● What the exercise asks
Please give the listing again in full, leaving out its images.

● Dataset content

------------------------------------------------------------

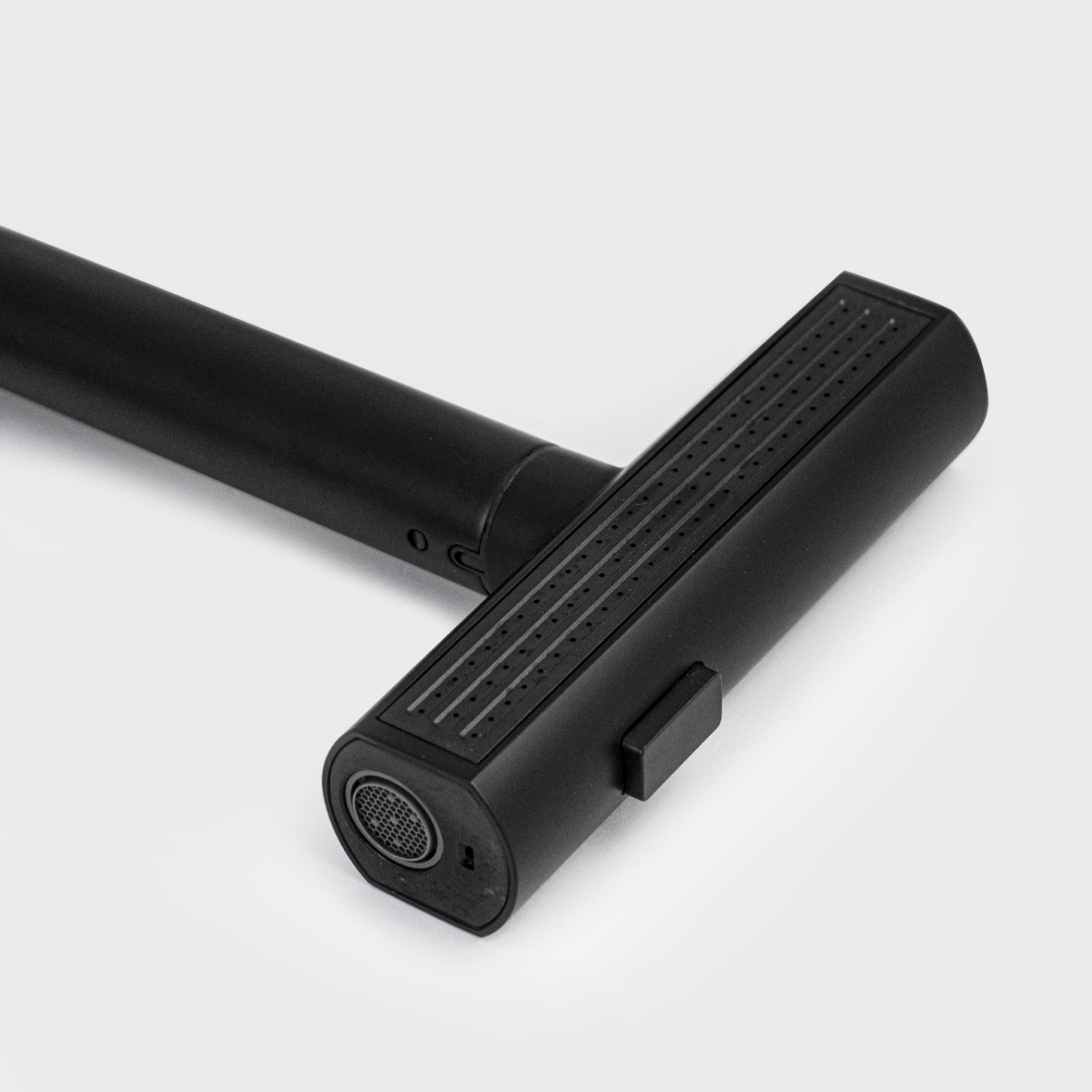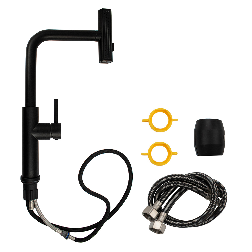 Смеситель для кухонной мойки и раковин, вытяжной излив - лейка с переключением режимов подачи воды, литой матовый корпус, из нержавеющей стали, цвет черный, шаровый. Крепление резьба - гайка, картридж d = 35 мм, ручка литая. Аэратор для экономии воды. Такая модель может использоваться на домашней кухне, на даче, в медицинских учреждениях и общественных местах. Габаритные размеры: высота 450 мм, длина 230 мм, посадочное седло 45 мм, длина резьбы 50 мм. Вес - 1,85 кг, объём - 0,01 м3. В комплекте паспорт, корпус с изливом, подводка 1/2, крепеж, набор прокладок.
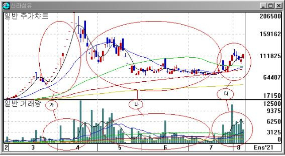 위의 그림에서 가와 다는 거래량이 증가하면서 장기, 단기 거래량 이동평균선이 정배열 상태를 보이면서 주가가 상승추세를 나타내고 있으며, 나는 거래량이 감소하면서 단기. 장기 거래량 이동평균선이 역배열상태를 보이면서 주가가 하락추세를 보이고 있슴.
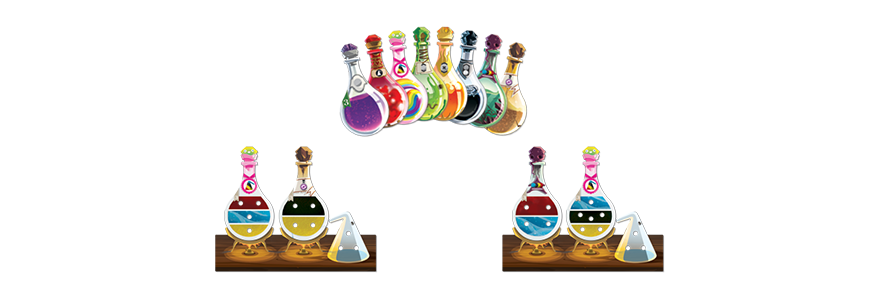 Chaque joueur a devant lui 2 tuiles potion, et ces tuiles ont besoin d’un certain nombre d’ingrédient de différentes couleurs. Donc dès que vous prenez des billes, vous pouvez les placer sur les tuiles potion, et dès qu’une potion est terminée, vous la mettez de coté, vous en prenez une autre. Les potions rapportent des points de victoire, et il y a 8 sortes de potions différentes, donc 8 effets différents. Une fois qu’une potion est terminée, il est possible de la boire pour en utiliser son effet, certains effets permettent de changer la couleur des billes, de voler des billes à vos adversaires, de prendre des billes de même couleur dans le distributeur …
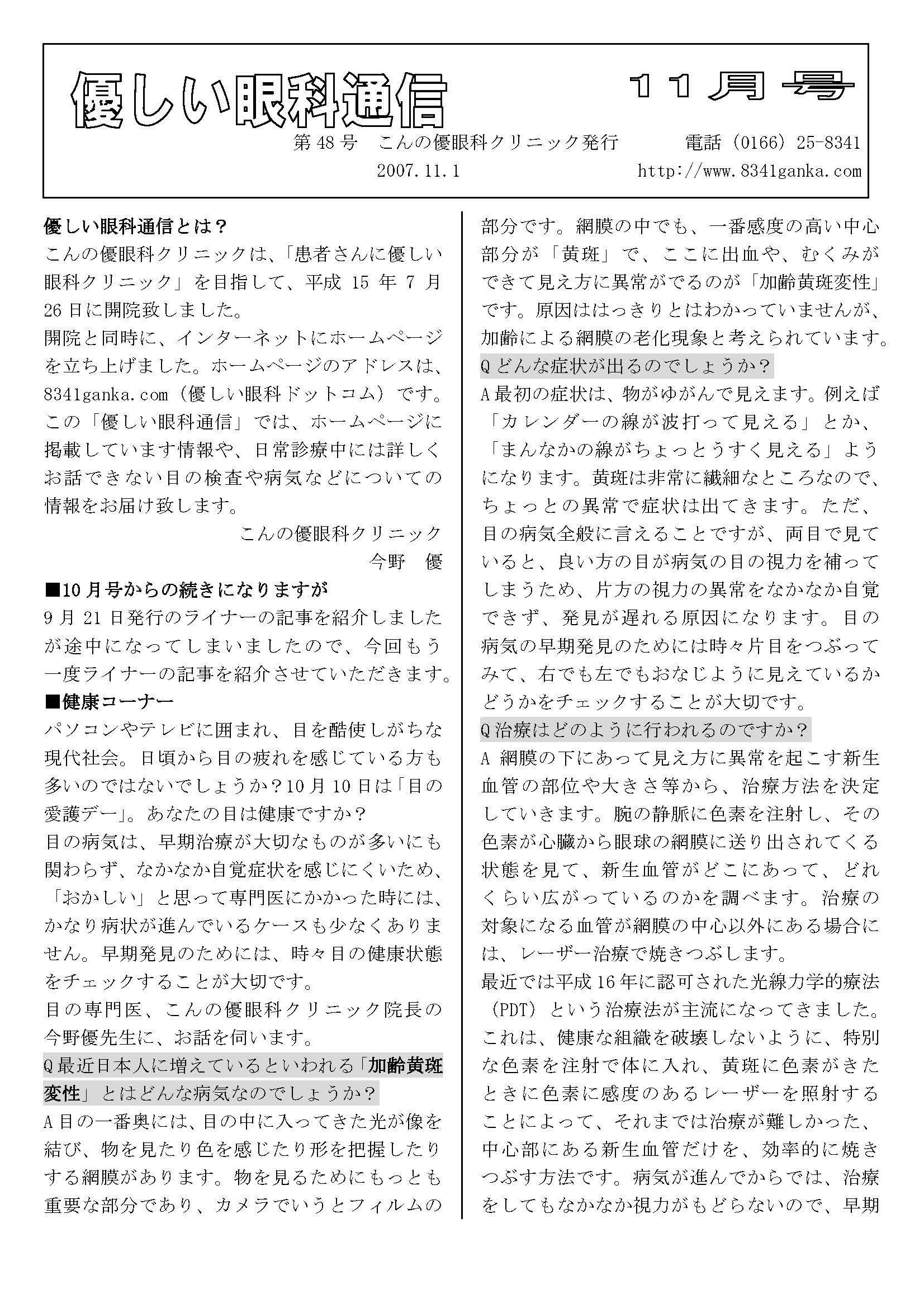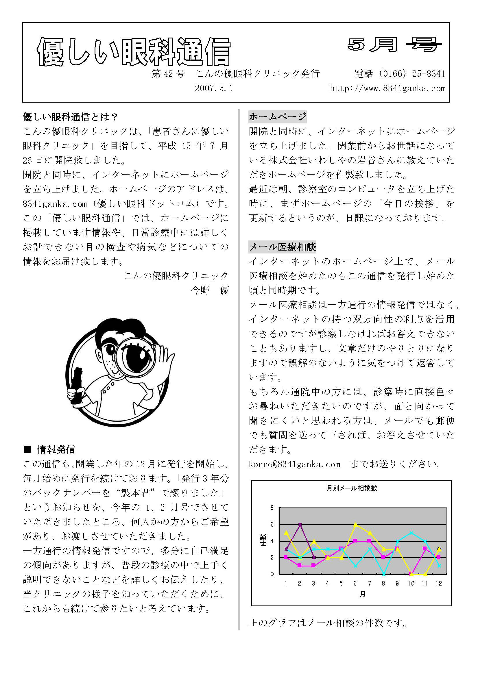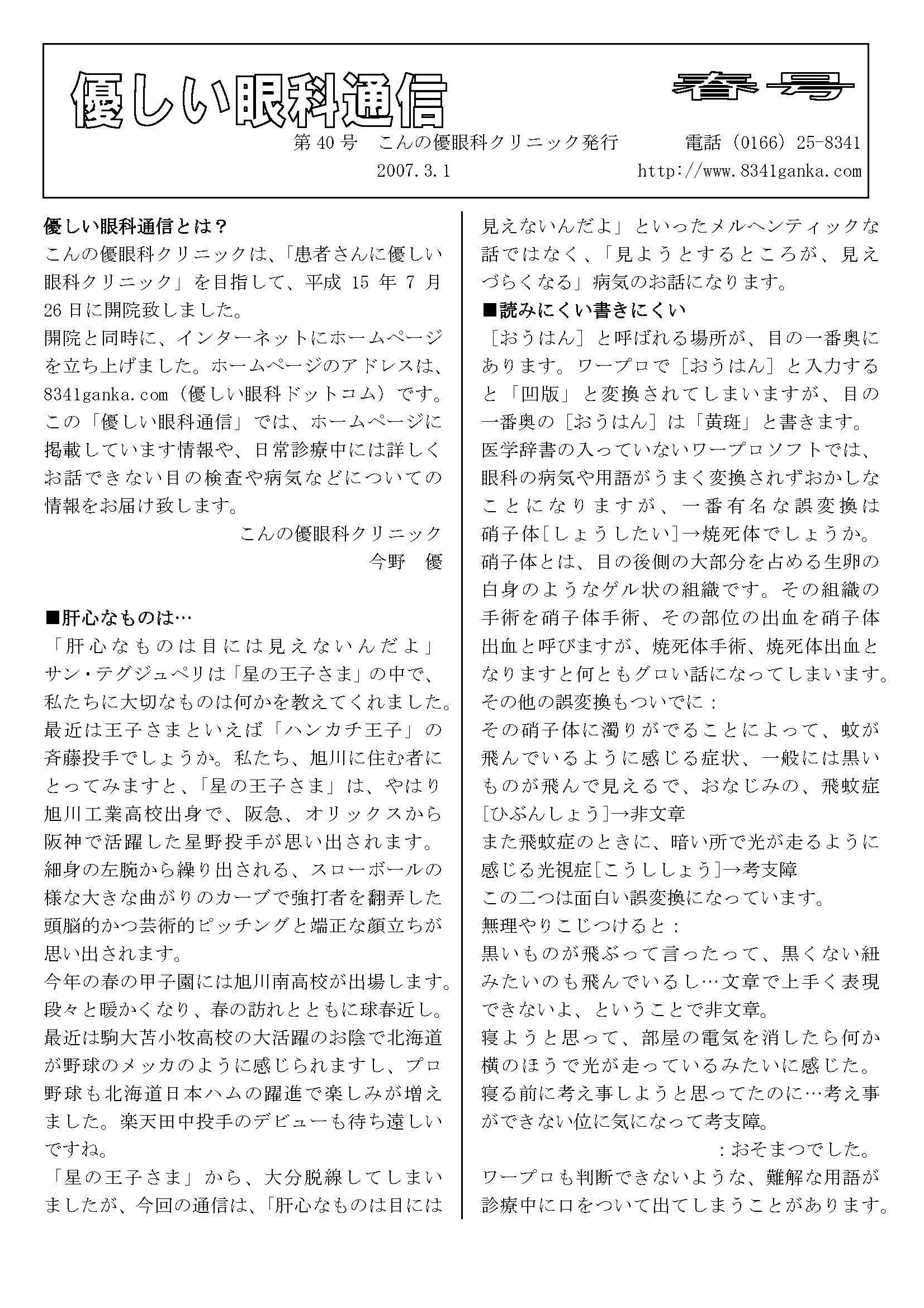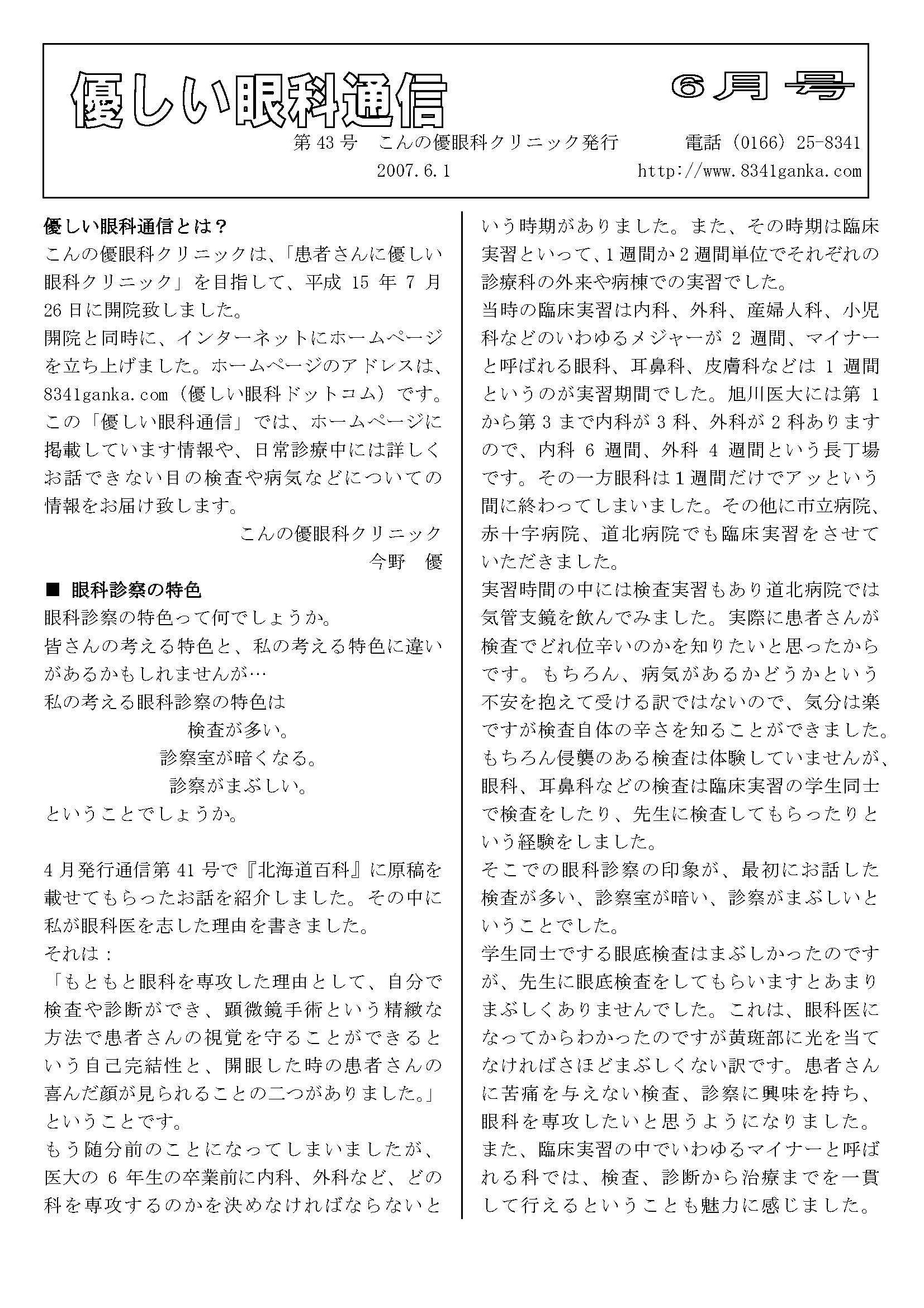 こんの優眼科クリニックは、「患者さんに優しい眼科クリニック」を目指して、平成15年7月26日に開院致しました。開院と同時に、インターネットにホームページを立ち上げました。ホームページのアドレスは8341ganka.com(優しい眼科ドットコム)です。この「優しい眼科通信」では、ホームページに掲載しています情報や、日常診療中には詳しくお話できない目の検査や目の病気などについての情報を、お届けいたします。

------------------------------------------------------------

● Output of the task
 Смеситель для кухонной мойки и раковин, вытяжной излив - лейка с переключением режимов подачи воды, литой матовый корпус, из нержавеющей стали, цвет черный, шаровый. Крепление резьба - гайка, картридж d = 35 мм, ручка литая. Аэратор для экономии воды. Такая модель может использоваться на домашней кухне, на даче, в медицинских учреждениях и общественных местах. Габаритные размеры: высота 450 мм, длина 230 мм, посадочное седло 45 мм, длина резьбы 50 мм. Вес - 1,85 кг, объём - 0,01 м3. В комплекте паспорт, корпус с изливом, подводка 1/2, крепеж, набор прокладок.
 위의 그림에서 가와 다는 거래량이 증가하면서 장기, 단기 거래량 이동평균선이 정배열 상태를 보이면서 주가가 상승추세를 나타내고 있으며, 나는 거래량이 감소하면서 단기. 장기 거래량 이동평균선이 역배열상태를 보이면서 주가가 하락추세를 보이고 있슴.
 Chaque joueur a devant lui 2 tuiles potion, et ces tuiles ont besoin d’un certain nombre d’ingrédient de différentes couleurs. Donc dès que vous prenez des billes, vous pouvez les placer sur les tuiles potion, et dès qu’une potion est terminée, vous la mettez de coté, vous en prenez une autre. Les potions rapportent des points de victoire, et il y a 8 sortes de potions différentes, donc 8 effets différents. Une fois qu’une potion est terminée, il est possible de la boire pour en utiliser son effet, certains effets permettent de changer la couleur des billes, de voler des billes à vos adversaires, de prendre des billes de même couleur dans le distributeur …
 こんの優眼科クリニックは、「患者さんに優しい眼科クリニック」を目指して、平成15年7月26日に開院致しました。開院と同時に、インターネットにホームページを立ち上げました。ホームページのアドレスは8341ganka.com(優しい眼科ドットコム)です。この「優しい眼科通信」では、ホームページに掲載しています情報や、日常診療中には詳しくお話できない目の検査や目の病気などについての情報を、お届けいたします。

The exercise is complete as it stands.